Sinergia d’intenti. Un’attenzione particolare dovrà essere posta anche per le superfici esistenti a bosco per rafforzarne il valore naturalistico, eradicando specie vegetali invasive, lavorando, al contempo, “intervenendo sulla loro struttura con le migliori tecniche che la selvicoltura mette a disposizione ed introducendo in modo attivo le componenti floritiche ancora assenti vista la loro recente origine artificiale. Dovrà essere creato un marchio collegato ai processi di certificazione forestale, che indichi i prodotti dei boschi di pianura, ed in particolare il loro pregiato legname di quercia, al fine di creare una forte domanda da parte delle imprese che vogliono valorizzare i legnami di origine locale”, hanno riferito i relatori a Vicenza. Ma per fare tutto ciò ci sarà bisogno di tutti: della Regione Veneto, affinchè garantisca sostegno mettendo a disposizione adeguate risorse economiche; dei Comuni, nel disporre superfici da destinare all’ampliamento dei boschi esistenti o alla realizzazione di nuovi; dei proprietari dei terreni privati, “realizzando interventi di forestazione anche di piccole dimensioni, significativi nel creare connettività ecologica all’interno del territorio (stepping stones);” delle imprese, nel “valorizzare i prodotti locali dei boschi di pianura ed in particolare il loro pregiato legname di quercia”; delle associazioni di volontariato, “attori della gestione attiva dei boschi di pianura”; dei cittadini, per far sentire la loro voce a tutti i livelli decisionali, sostenendo gli attori che operano per l’allargamento ed il miglioramento dei boschi di pianura.

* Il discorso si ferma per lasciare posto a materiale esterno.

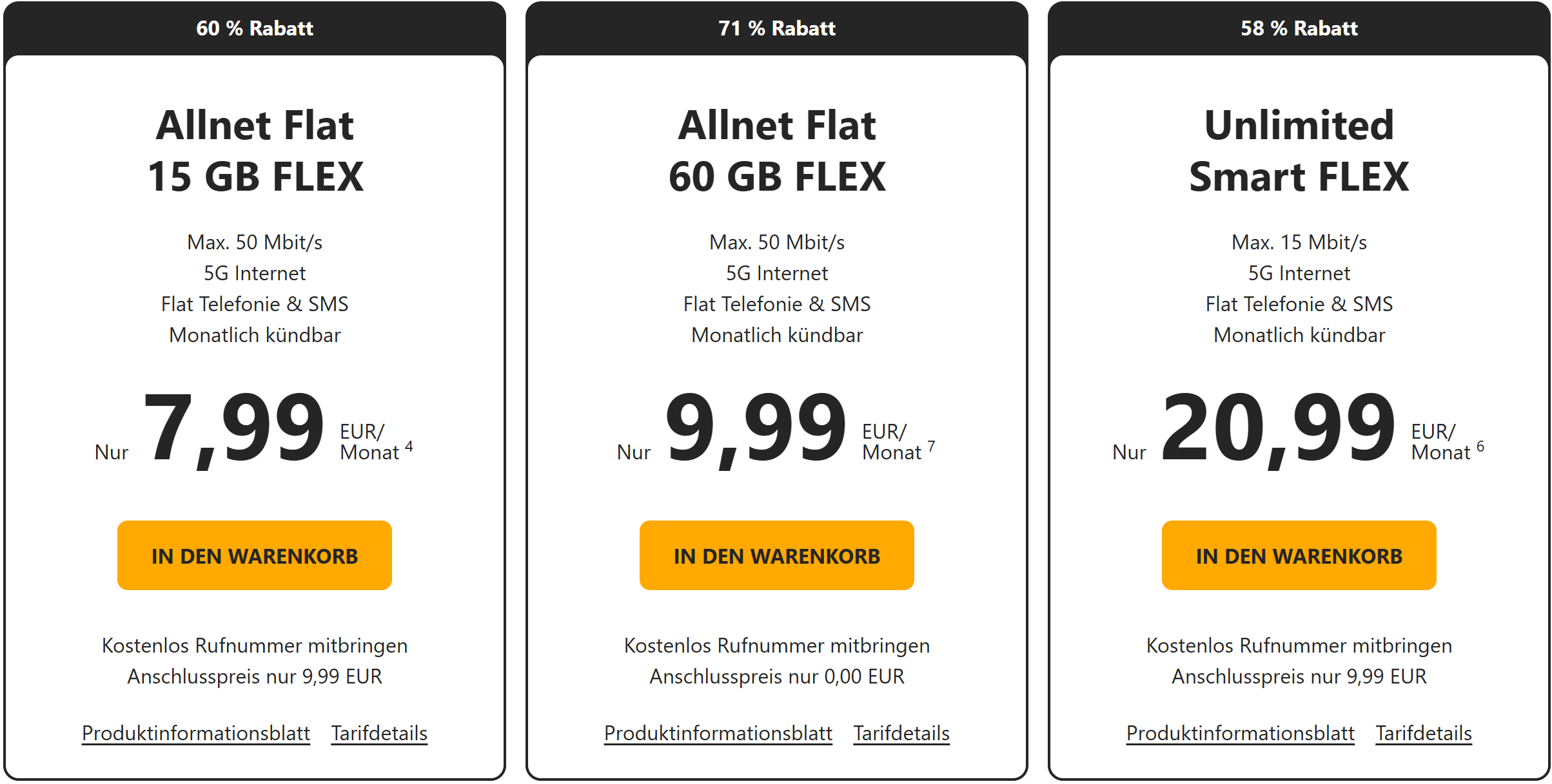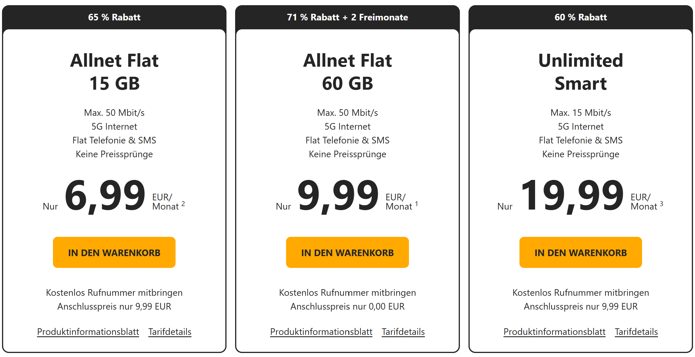 | Allnet Flat 15GB 5G | 9,99€ | 5,99€ | 50Mbit/s |

Il Veneto ha le risorse ideali, umane e materiali per permettersi dei boschi in pianura e ognuno di noi può fare la sua parte per migliorare la situazione attuale con un pensiero particolare rivolto ai nostri eredi. Dobbiamo però sganciarci da un modo di pensare miope, perché, viene citato nella Carta di Sandrigo,: “gli uomini hanno fretta e misurano il tempo in giorni, settimane, mesi, anni. Gli alberi ed i boschi hanno pazienza e misurano il tempo in secoli. Il 2050 è lontano per gli uomini ma è vicino per gli alberi“.